What you are asked to do: Output exactly the lines below from the one containing "Brand new 1/24" to the last line, both included. Omit pictures.

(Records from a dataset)
====================
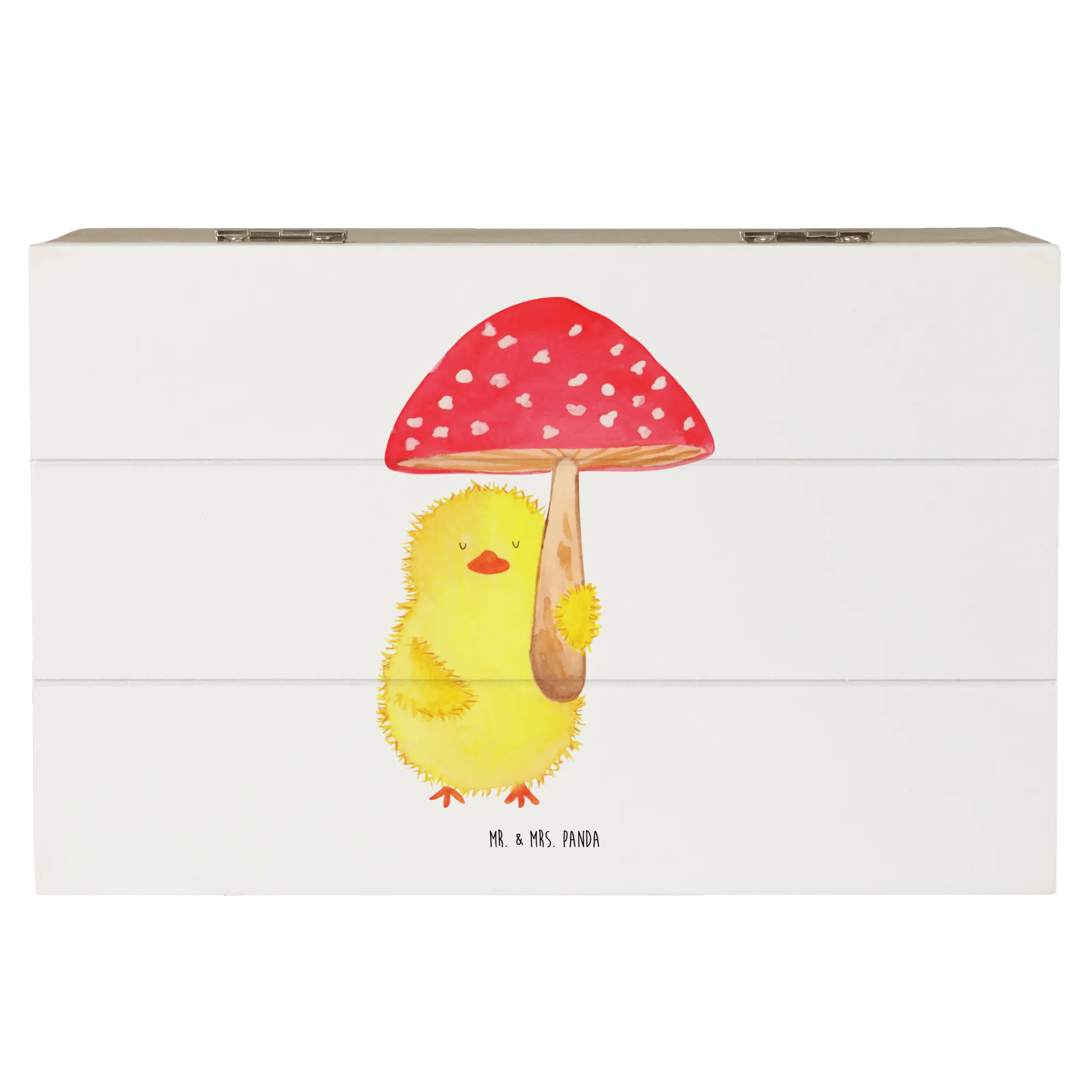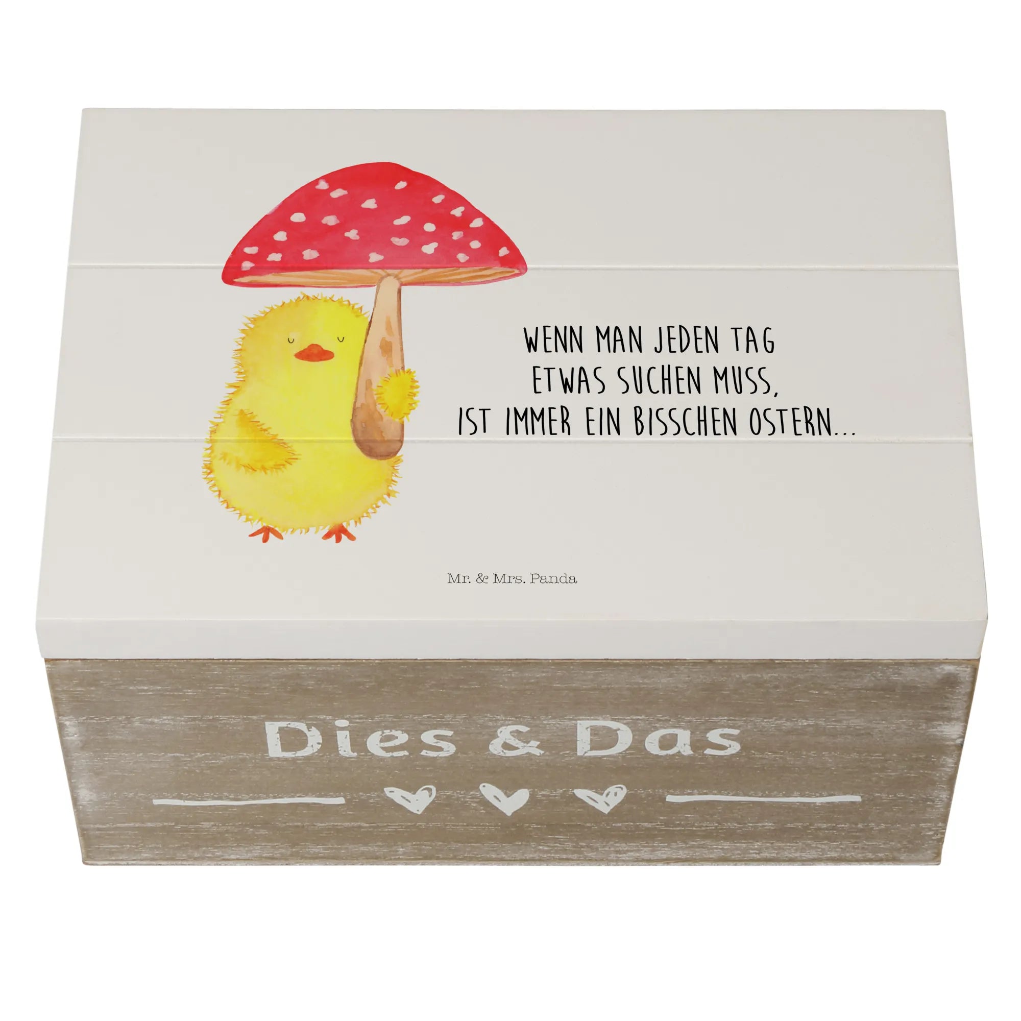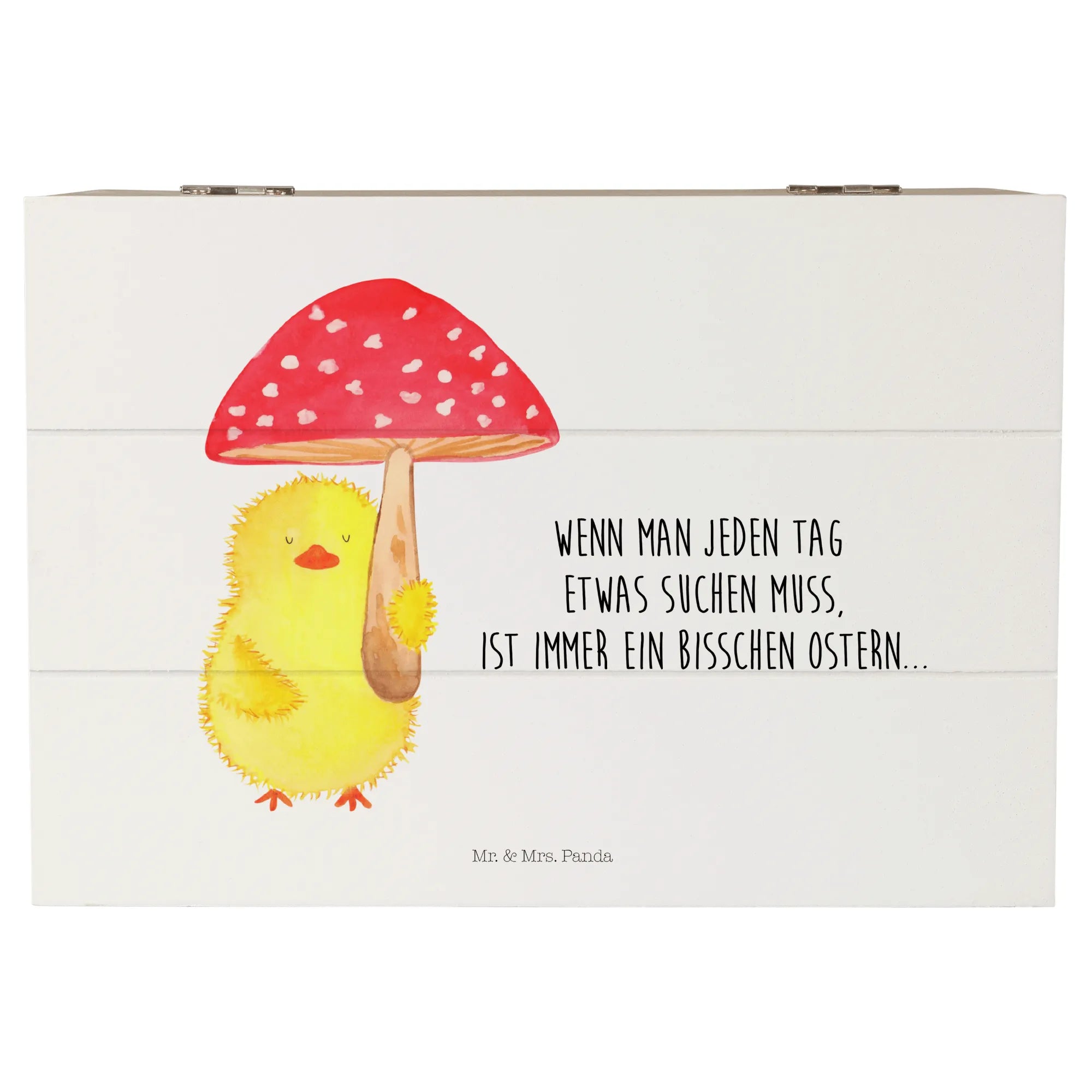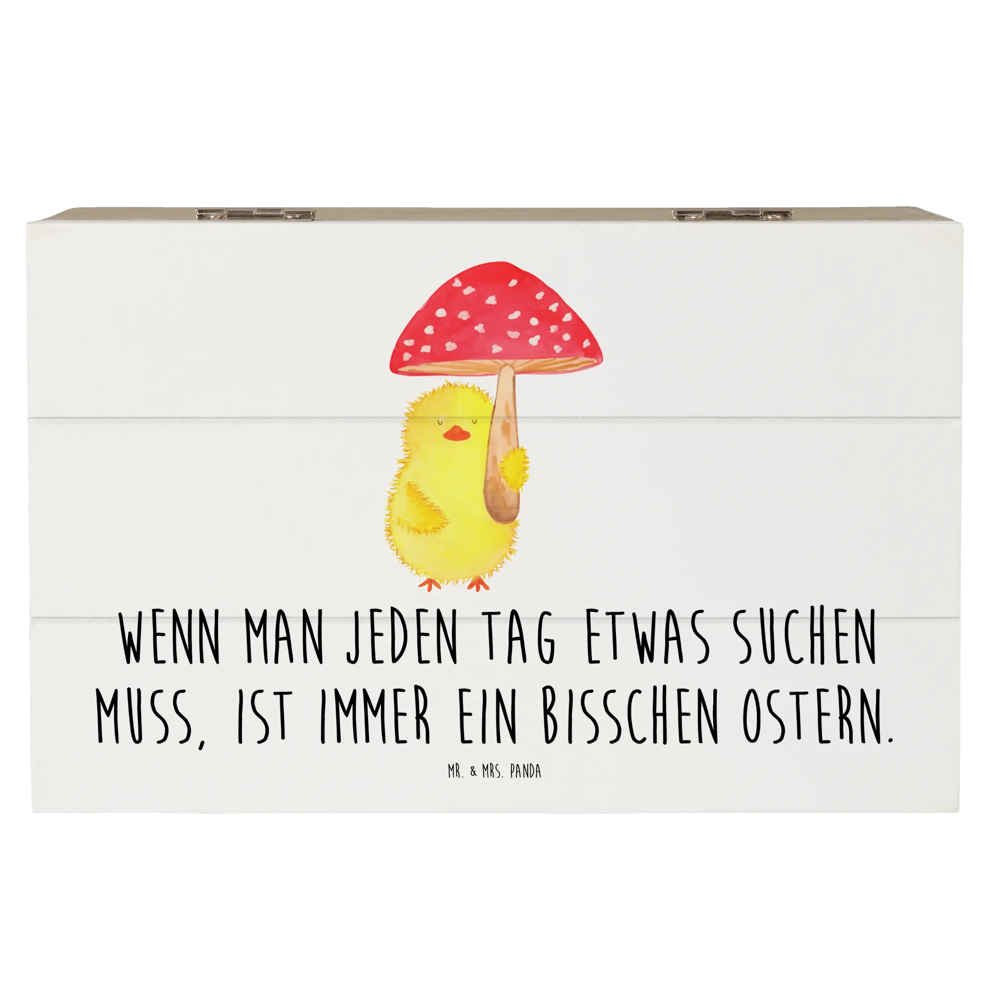 Du suchst das perfekte Geschenk für das Osterfest oder eine besondere Gelegenheit? Die wunderschöne Holzkiste mit dem süßen Küken Fliegenpilz-Motiv von Mr. & Mrs. Panda ist genau das richtige!
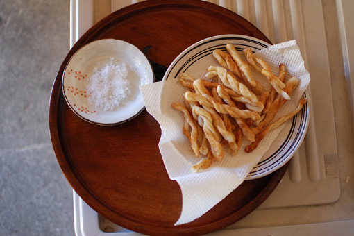 「こよりっていうのがあってね」。そう言いながら、淳さんは伸ばす前の行程のそうめんを持って来てくれました。それをねじって油で揚げ、お好みで砂糖をふって頂くというスナックができあがり。サクッとした外側に内側はもちっ。パンともまた違う食感で、おそうめんに含まれた塩味がなんとも言えずおいしい。「これは、塩分が少ない寒い時期、12月~2月がベストやね」と笑顔で話す淳さん。
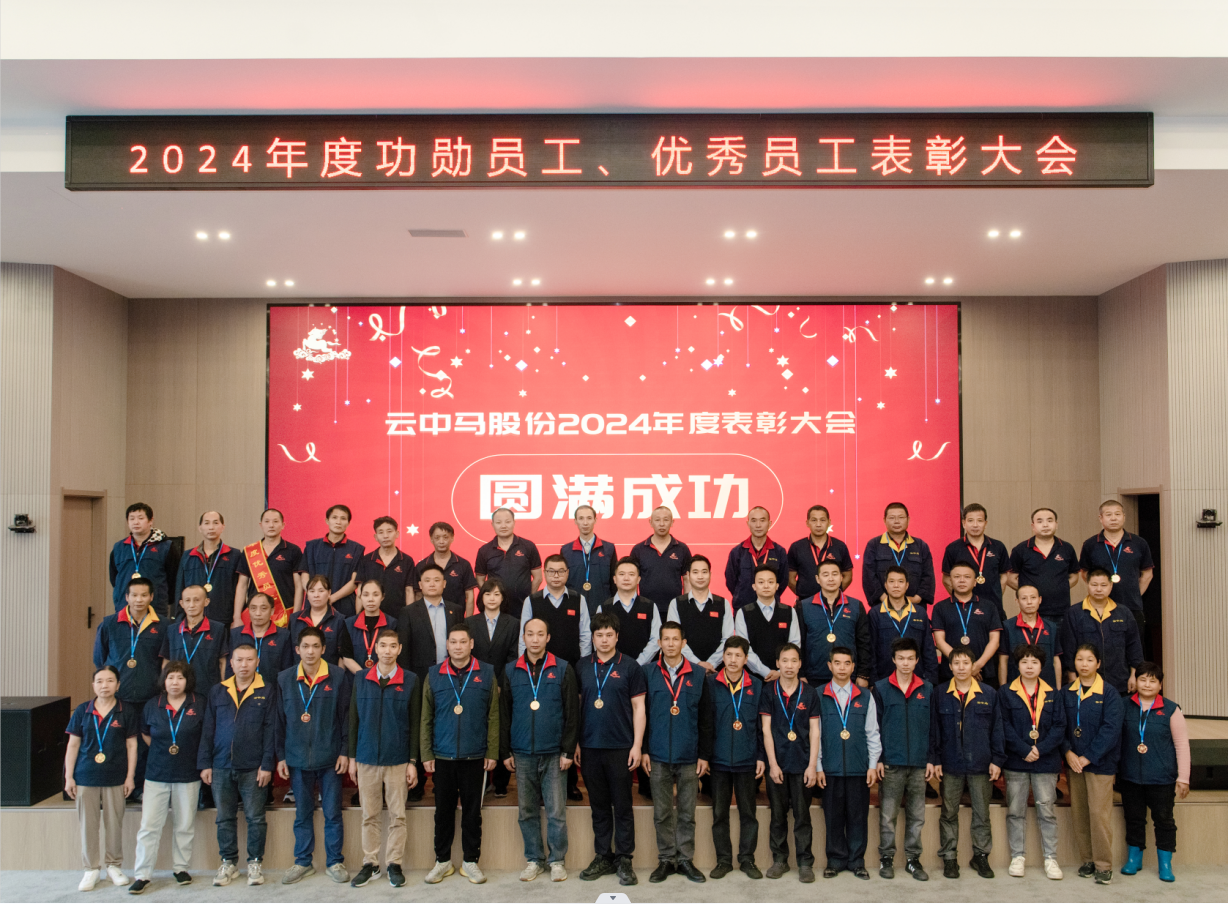 2025年4月25日上午,浙江云中馬股份有限公司在公司文化禮堂內,隆重召開了2024年度表彰大會。大會以“創新突破、團結奮進”為主題,旨在表彰過去的一年為公司發展作出突出貢獻的功勛員工和優秀員工等,以激勵全體職工更加昂揚斗志地投身到公司高質量發展的新征程中去。
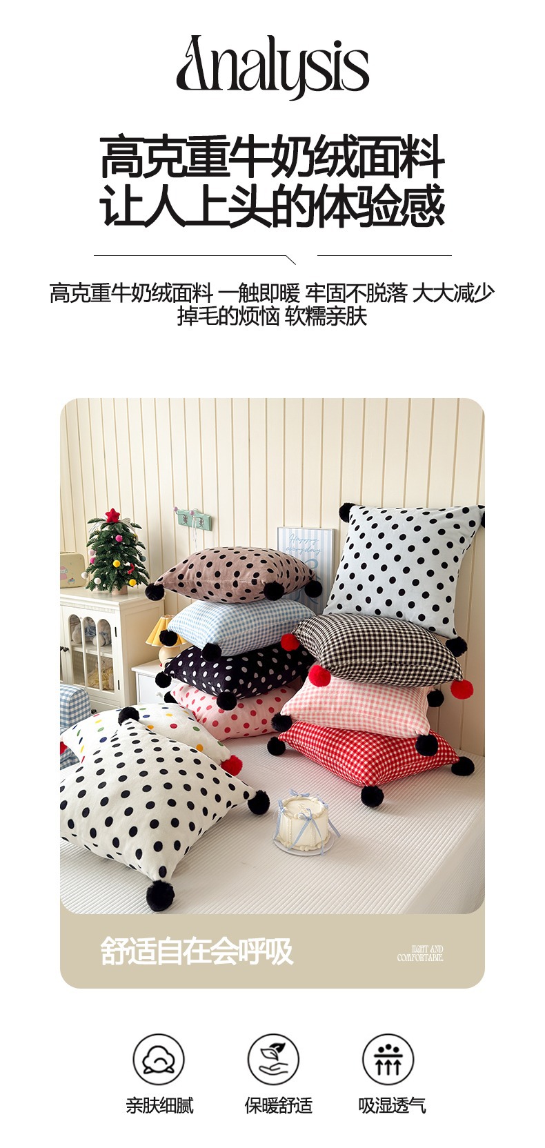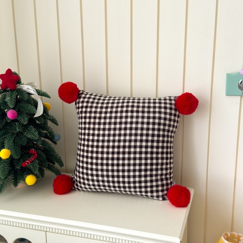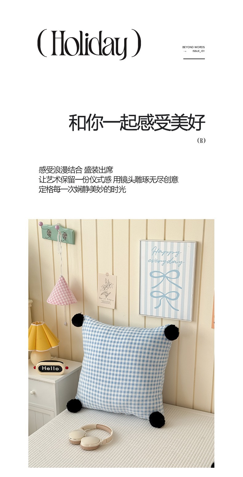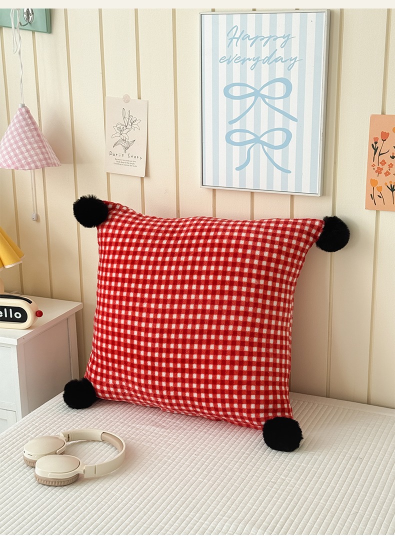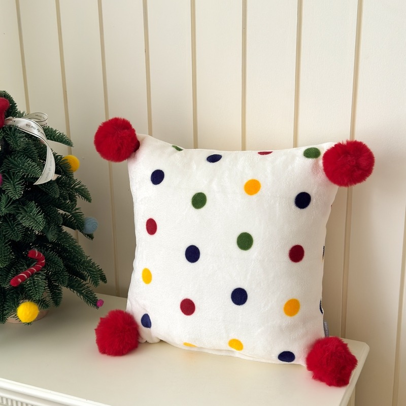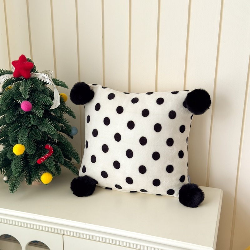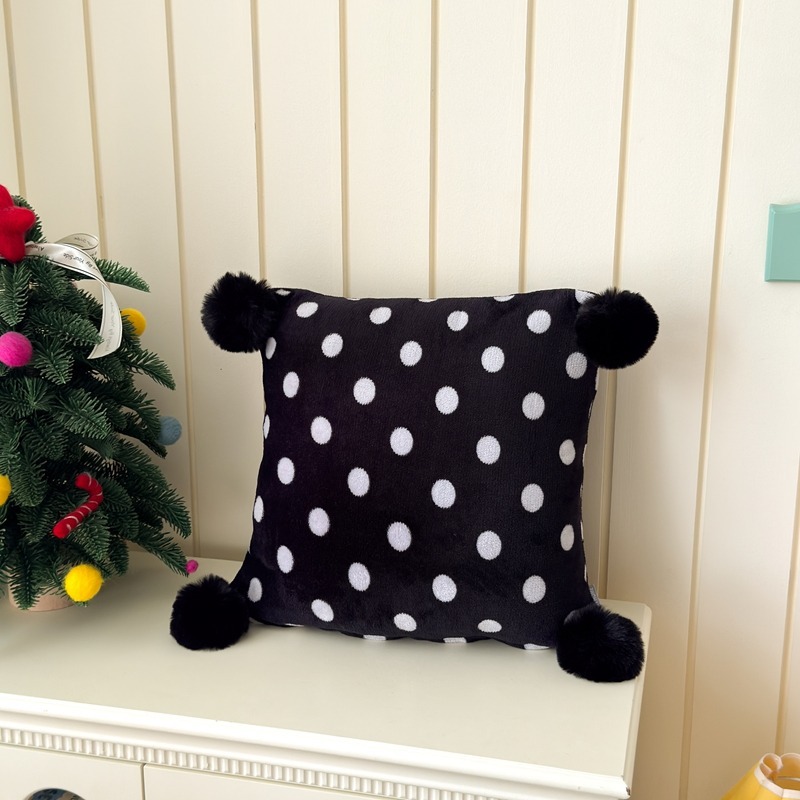 网红复古芋泥紫波点牛奶绒毛球抱枕客厅沙发午睡办公室靠枕腰枕芯
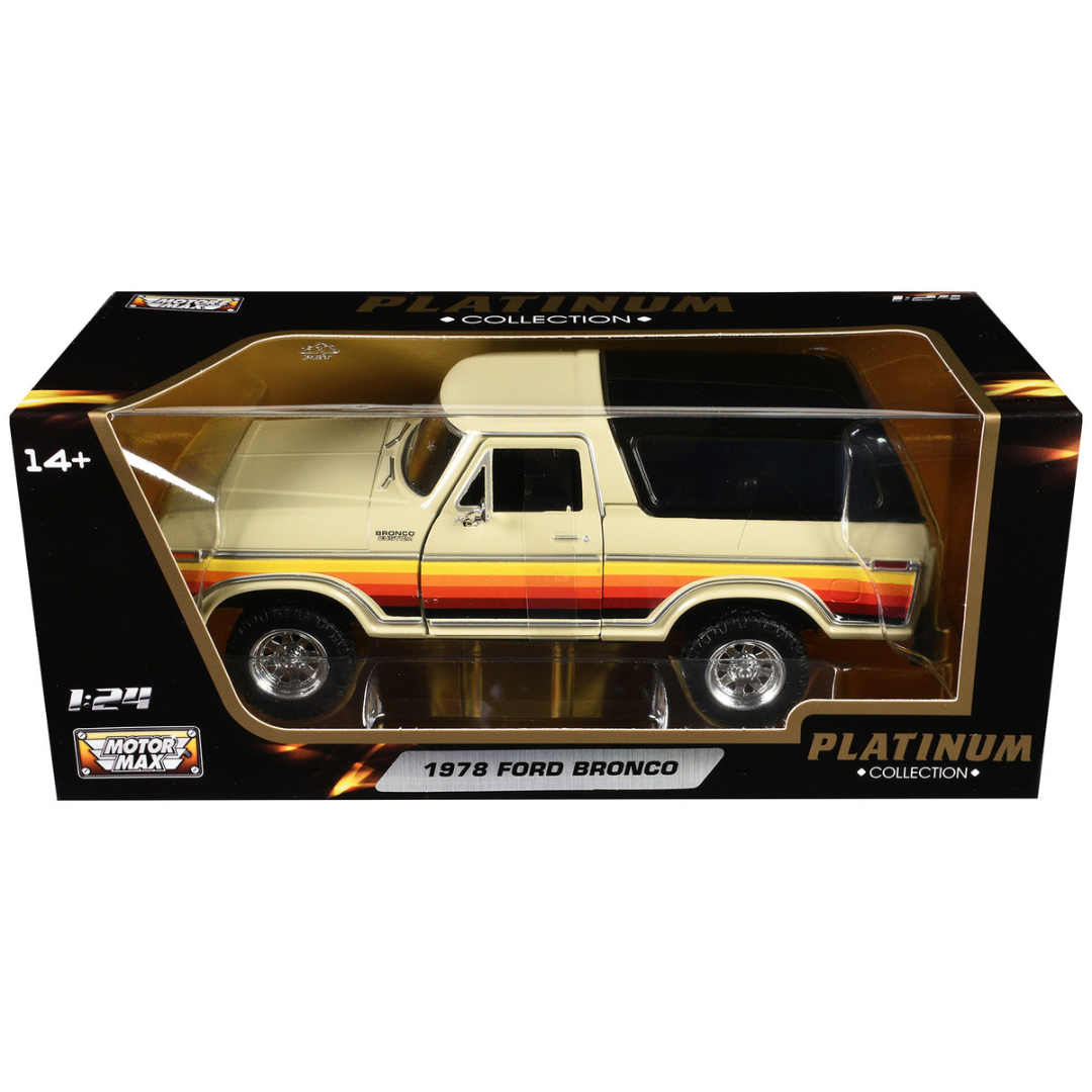 Brand new 1/24 scale diecast car model of 1978 Ford Bronco Custom Cream with Stripes and Black Top "Platinum Collection" Series diecast model car by Motormax.
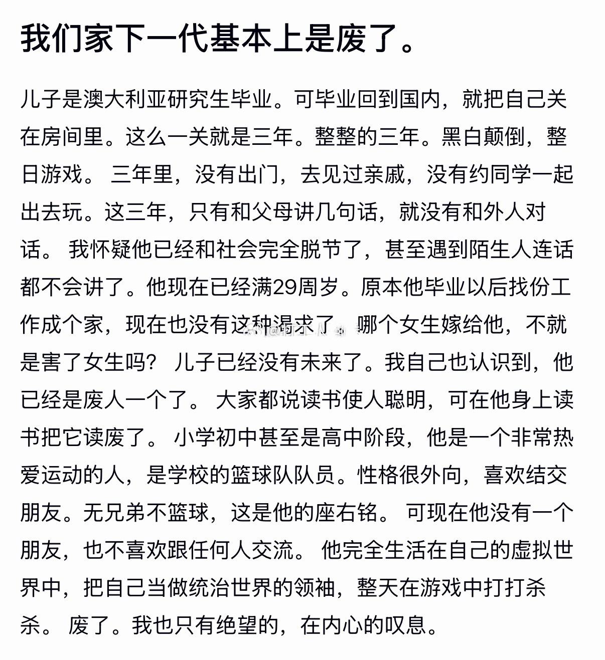 我们的下一代可能比我们更艰难我们现在觉得难,可能只是个开始。60后赶上了
====================
Reply to the task:
 Brand new 1/24 scale diecast car model of 1978 Ford Bronco Custom Cream with Stripes and Black Top "Platinum Collection" Series diecast model car by Motormax.
 我们的下一代可能比我们更艰难我们现在觉得难,可能只是个开始。60后赶上了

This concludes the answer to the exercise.